Quality Metrics of the Forecast

The forecasting service is equipped with a mechanism that continuously caches 15- and 30-minute forecast values as long as it can compare them with the measured real-time traffic data, and calculates the average daily difference between them for each main traffic route. This self-validation is only applied to the newly calculated, current short-term forecasts, not to other published values (i.e., not for re-published earlier forecasts or daily curve values).

Appendix I and Appendix II briefly summarize a preliminary analysis of the validation data of the 30-minute forecast values collected in October 2019. Appendix I summarizes the average daily deviations between the forecast and the measured traffic data in km/h, while Appendix II does the same in terms of the Root Mean Squared Error (RMSE). The analysis of this data shows that for about 93% of the road sections, the average daily deviation is less than 5 km/h, and for about 56% of the road sections, the RMSE is less than 3.

Appendix I: Internal Validation I: Error in km/h

This is a summary of the average daily deviations in km/h between the 30-minute forecasts and the measured speed values from October 2019:

In the case of 243 road sections, the deviation was between 15 and 37 km/h.
In the case of 964 road sections, the deviation was between 10 and 15 km/h.
In the case of 8,923 road sections, the deviation was between 5 and 10 km/h.
In the case of 74,926 road sections, the deviation was between 1 and 5 km/h.
In the case of 61,781 road sections, the deviation was less than 1 km/h.

Summary: In the case of about 93% of the road sections, the average deviation is less than 5 km/h.

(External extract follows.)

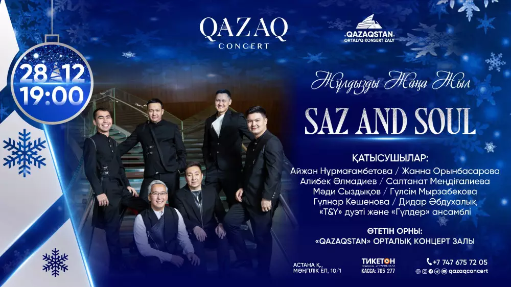 28 декабря в 19:00 вокально-инструментальный ансамбль SAZ&SOUL представит зрителям праздничную программу, где прозвучат известные новогодние песни.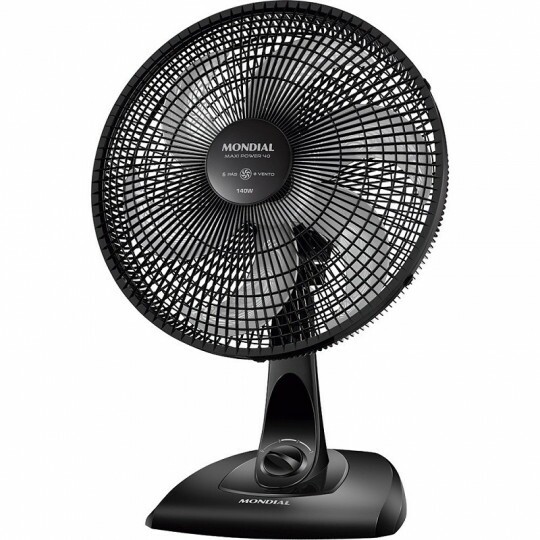 Ventilador de mesa NV-75-6P-NP Maxi Power da Mondial, possui 3 velocidades, 140W de potência e sua hélice de 40cm é ideal para deixar seu ambiente agradável. É silencioso, possui inclinação ajustável e sua grade é removível para limpeza.

Appendix II: Internal Validation II: Root Mean Squared Error (RMSE)

This is a summary of the average daily deviations of the RMSE between the 30-minute forecasts and the measured speed values from October 2019:

In the case of 112 road sections, the RMSE was over 20.
In the case of 2,605 road sections, the RMSE was between 10 and 20.
In the case of 62,048 road sections, the RMSE was between 3 and 10.
In the case of 67,432 road sections, the RMSE was between 1 and 3.
In the case of 14,640 road sections, the RMSE was less than 1.

Summary: In the case of about 56% of the road sections, the RMSE is less than 3.

References

Cao, L. J. & Tay, F. E. H. (2003) Support vector machine with adaptive parameters in financial time series forecasting. Neural Networks, IEEE Transactions on, 14 (6), 1506-1518.
GIP, An Intermodal Traffic Graph Austria, 2021, https://www.gip.gv.at/assets/downloads/GIP_Standardbeschreibung_2.3.2_FINAL.pdf
Kim, K. J. (2003) Financial time series forecasting using support vector machines. Neurocomputing, 55 (1-2), 307-319.
Lu, C. J., Lee, T. S. & Chiu, C. C. (2009) Financial time series forecasting using independent component analysis and support vector regression. Decision Support Systems, 47 (2), 115-125.
Majhi, R., Panda, G. & Sahoo, G. (2009) Efficient prediction of exchange rates with low complexity artificial neural network models. Expert Systems with Applications, 36 (1), 181-189.
Pai, P. F. & Lin, C. S. (2005) A hybrid ARIMA and support vector machines model in stock price forecasting. Omega, 33 (6), 497-505.
Saad, E. W., Prokhorov, D. V. & Wunsch, D. C. (1998) Comparative study of stock trend prediction using time delay, recurrent and probabilistic neural networks. IEEE Transactions on Neural Networks, 9 (6), 1456-1470.
Sharma, S. K. & Sharma, V. (2012) Time series prediction using kNN algorithms via euclidian distance function: a case of foreign exchange rate prediction. Asian Journal of Computer Science and Information Technology, 2 (7), 219-221.
Wang, Y. F. (2002) Predicting stock price using fuzzy grey prediction system. Expert Systems with Applications, 22 (1), 33-38.